2013 AIA Western Mountain Region Award
2013 AIA Denver Design Citation Award
2013 ENR Mountain States Best Projects
2013 ULI Colorado Impact Award: Innovation
2013 Westworld’s Best of Denver Awards: Office
2013 Mayor’s Design Award (M. Hancock - Denver)
2014 AIA Wyoming Merit Award
2014 AIA Colorado Honor Award
Design Architect – Dynia Architects
Executive Architect – Barker Rinker Seacat Architecture
DRIVE, a 100,000 square foot speculative commercial complex comprised of two phases, is the latest addition to the TAXI development in the gritty River North (RINO) district in Denver, Colorado. Originally conceived as a single building, DRIVE was cleaved by the economic downturn into two phases to correspond with available financing. The just-completed second phase (DRIVE 2) completes an innovative “new economy” work environment that has been well received by its users and the community. It is the recipient of the Urban Land Institute of Colorado’s Impact Award for Innovation in 2013, the (Denver) Mayor’s Design Award, 2013, as well as being voted the year’s Best New Office Building in the popular press.

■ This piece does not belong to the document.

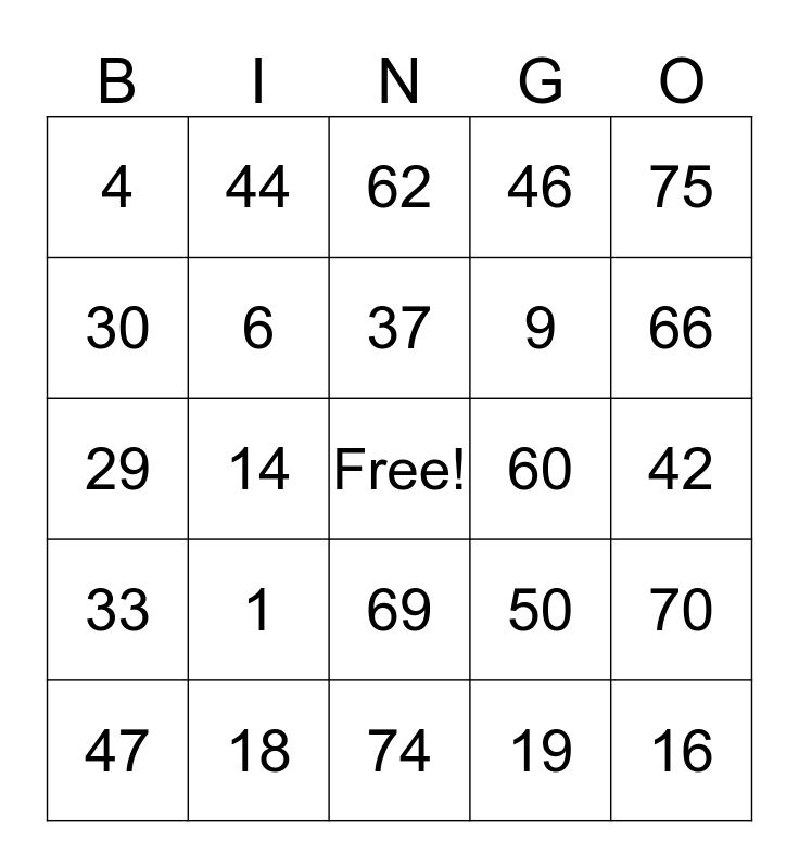 This bingo card has a free space and 24 words: 1, 18, 37, 47, 75, 4, 30, 44, 60, 69, 9, 29, 50, 70, 6, 19, 42, 62, 66, 14, 16, 33, 46 and 74.

Innovative strategies were employed to achieve the DRIVE mission of a vibrant workplace. Communal amenities, social spaces and innovative workplace opportunities combine to define a new genre of office environment that fosters internal interaction and a relationship to the immediate context and the broader environment. In DRIVE 1, the entry lobby is a café, coffee kiosk and meeting space. DRIVE 2 includes a top floor event space, the largest of the many common meeting spaces throughout the TAXI complex. Unconventional placement of large garage doors on all levels opens the building to the urban skyline and to mountain views, providing infiltration of light and air, and creating a sense of connection to the outdoors in a city focused on outdoor activity.
Internally, the zones with garage doors create nodes of social activity at the upper floors. Daylight also infiltrates the interior spaces via skylights with glass floors that filter light to the lower levels. In DRIVE 1 this skylight is in a linear form. In DRIVE 2 the skylights flank the cores. The dark corrugated skin of the building is applied in patterns that echo the movement of the adjacent railway activity. In an egalitarian innovation, locating small businesses on the top floor for optimum light and views inverts the standard conventions of commercial building design.

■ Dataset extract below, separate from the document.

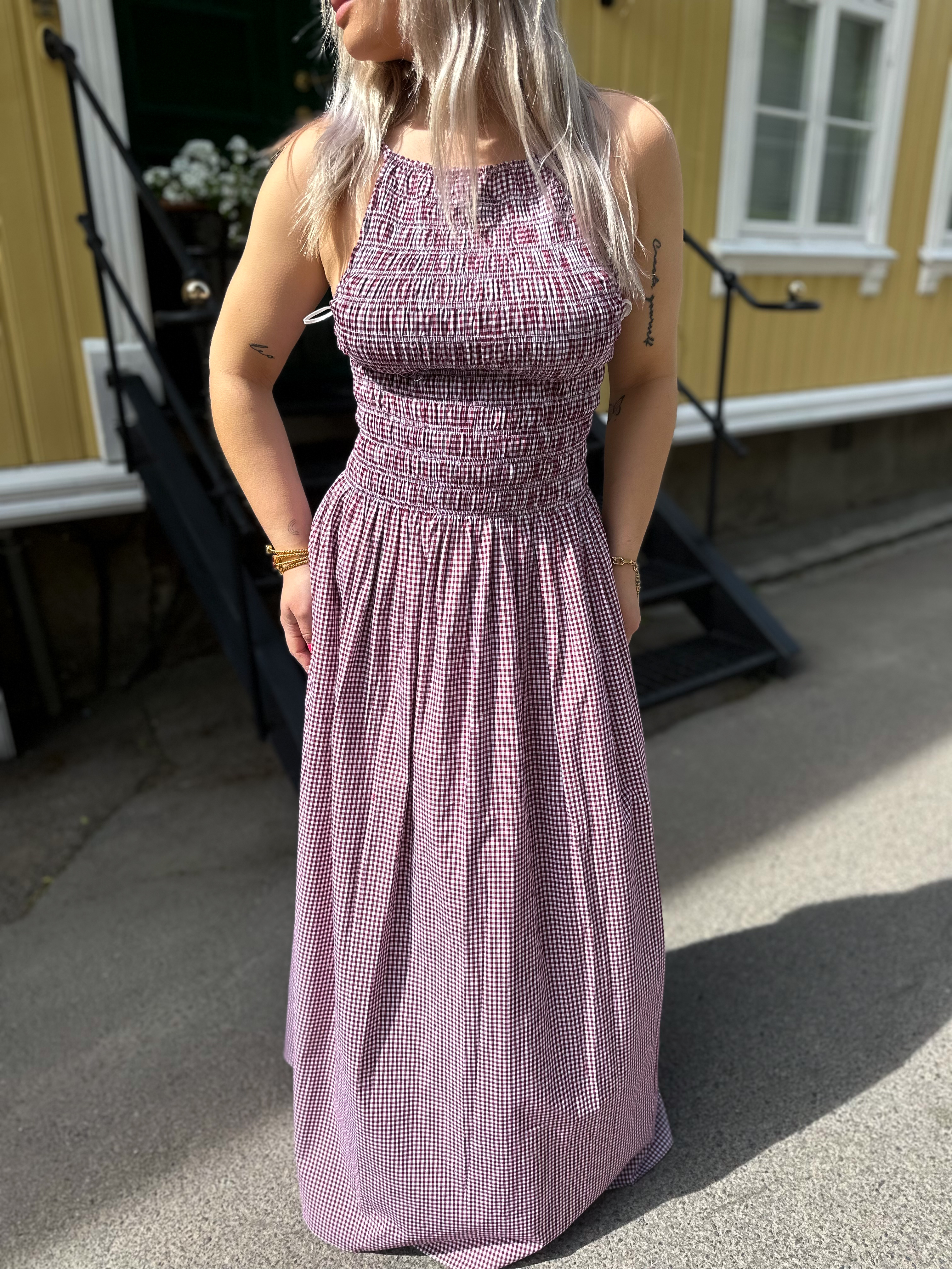 Laia Maxi Dress fra Faithfull the Brand. En feminin midikjole med høy, firkantet halsutringning og tynne, justerbare stropper. Den er smocket i overdelen for ekstra stretch, rynket i midjen og faller deretter ned i et mykt A-formet skjørt som går ned til over anklene. Den er laget av økologisk bomull i en myk rosafarge og tilbyr et avslappende antrekk til lange lunsjer og ferieantrekk.

The building forms and siting reflect economic and site conditions. In DRIVE 1, the floor plate’s north edge was angled in response to a site utility easement, while its south end was designed in response to the breaking of the project into two phases – reflecting the uncertainty of the timing and program of a second phase. This broken façade was picked up and reflected in DRIVE 2, creating a dialogue between the buildings. DRIVE 2 was rotated in site orientation to provide better views of the city skyline. The result is two separate buildings, decoupled and drifting apart yet perceived as a single identity.